Additionally, the influence of BM-MSC co-cultures on pancreatic cancer cells was investigated. It was confirmed that treated BM-MSCs can inhibit the growth of the cell lines, especially in a ratio of 1:2 (BM-MSCs:PCCs), which is in line with the hypothesis that BM-MSCs treated with anticancer drugs can serve as potential therapeutic vectors supporting cytotoxicity [63]. On the other hand, BM-MSCs not treated with drugs showed properties promoting the growth of cancer cells, especially the AsPC-3 line, which confirms their dualistic properties as well [64].

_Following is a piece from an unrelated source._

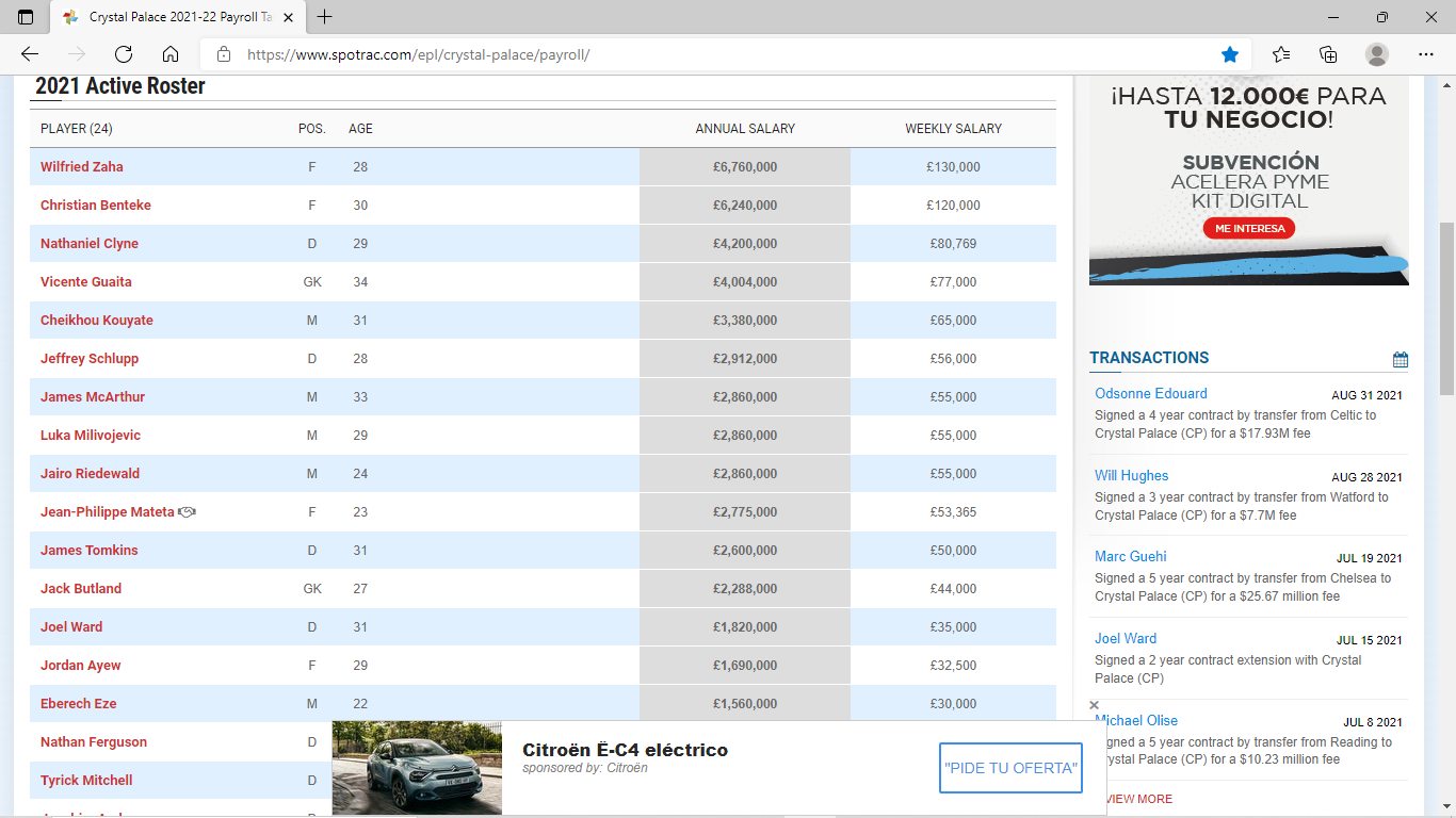 This is what Spotrac, an US based company claims are the current salarys, they say the get their info from the agents (obviously not for free) true or not i dont know

Comparing the treatment response of the selected PCCs to the combination of GEM + FLU, the variations in the activation of apoptosis pathways were revealed depending on the presence and dose of FLU; therefore, the observed phenomena may be related to the different sensitivity of these cells to therapy. Practically, an increased expression of proteins responsible for initiating apoptosis pathways was recorded after using the GEM + FLU combination.

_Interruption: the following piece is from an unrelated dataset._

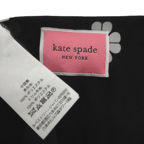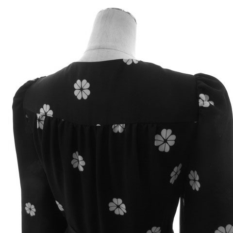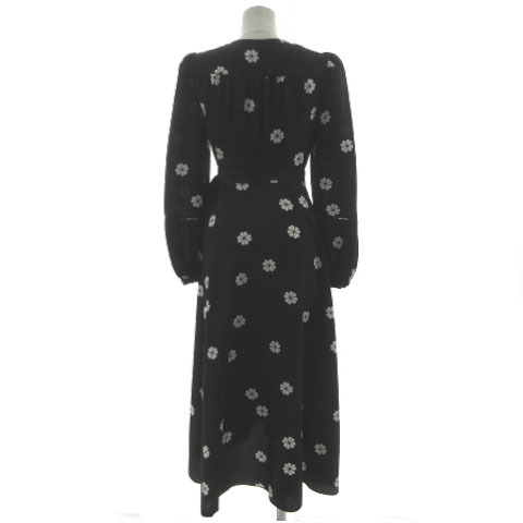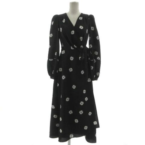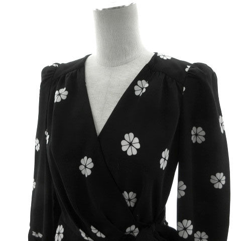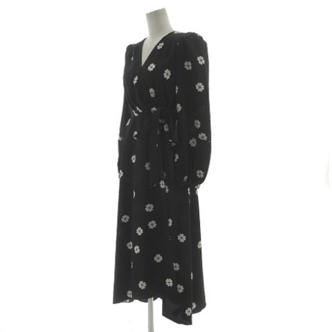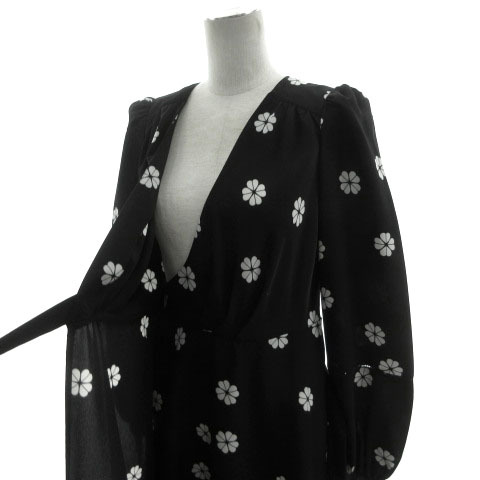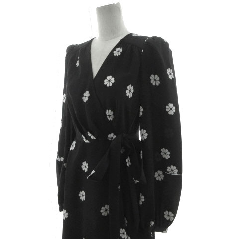 ケイトスペード KATE SPADE NEW YORK フラワーラップワンピース カシュクール 長袖 ロング丈 リボンベルト ブラック 黒 ホワイト 白 0

Apoptosis is most intense at the GEM + FLU dose (10 μM + 2 mM) for the PANC-1 line, which is confirmed by the strong activation of caspase-3 (one of the key effectors of apoptosis) and the degradation of PARP1. In fact, FAS expression was not demonstrated after the administration of the drug combination; however, the AsPC-1 and BxPC-3 lines react differently to the treatment with the compounds. In the case of AsPC-1, the apoptotic response is weaker, and some markers (such as caspase-3 and FAS) remain less active, which may indicate a greater resistance of the cell line. A visible activation of apoptosis through the strong expression of caspase-3 and the degradation of PARP1 after 24 h of FLU addition is observed, while no expression of p-Ser-GSK3β was demonstrated (apoptotic pathways may be differentially regulated, independently of GSK3β). Such variations in response to treatment may indicate specific mechanisms of resistance, affecting the therapy efficacy for different types of pancreatic cancers.

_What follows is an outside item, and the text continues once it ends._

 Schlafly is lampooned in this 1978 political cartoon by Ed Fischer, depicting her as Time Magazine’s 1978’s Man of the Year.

In turn, the analysis of the PCCs’ response to the action of the conditioned medium (CM), the medium containing gemcitabine metabolites (CM-GEM), and gemcitabine and flurbiprofen metabolites (CM-GEM + FLU) reveals further differences in the activation of apoptosis and signaling pathway involvement. The cytotoxic effect of CM-GEM and CM-GEM + FLU is most visible in the BxPC-3 line. A decrease in the survival of BxPC-3 cells and the activation of caspase-3 were also recorded after the application of CM alone; moreover, similar findings were recorded when the drugs were used alone at higher doses. In PANC-1, apoptosis is weaker after the usage of CM, CM-GEM, and CM-GEM + FLU, whereas, a greater involvement of caspase-3 can be observed in the AsPC-1 line, compared to the drugs when used alone. In contrast, the FAS pathway is strongly suppressed in the presence of flurbiprofen, which may suggest an advanced stage of apoptosis (FAS is degraded) or a reduced activity of the FAS-dependent pathway. On the other hand, the extrinsic death-receptor-dependent apoptosis pathway does not play a dominant role in the response of these cells to treatment [65]. Appealing findings were received in the expression of p-Ser-GSK3, which disappears in PANC-1 with an increasing FLU concentration (compared to drugs when used alone), suggesting the activation of GSK3β, which might result in the related effect on cell survival. In the BxPC-3 cell line, p-Ser-GSK3β expression remained stable when the drugs were administered alone. In contrast, an increase in phosphorylation and blocking of GSK3β function (which may accompany apoptosis) was observed after CM-GEM/CM-GEM + FLU treatment. It should be highlighted that GSK-3β is strongly expressed in many cancers, being involved in the regulation of proliferation, apoptosis, and chemoresistance. On the other hand, different roles of GSK-3β as an anticancer and tumor-development promoting agent have been reported so far; therefore, applying drugs targeting GSK-3β in cancer treatment seems controversial. In spite of the fact that the role of GSK-3β in cancer cells as a pro-oncogenic or suppressor protein is debatable, it has been agreed that GSK3-β is a pro-tumor protein and a good candidate for the targeted treatment of pancreatic cancers [66].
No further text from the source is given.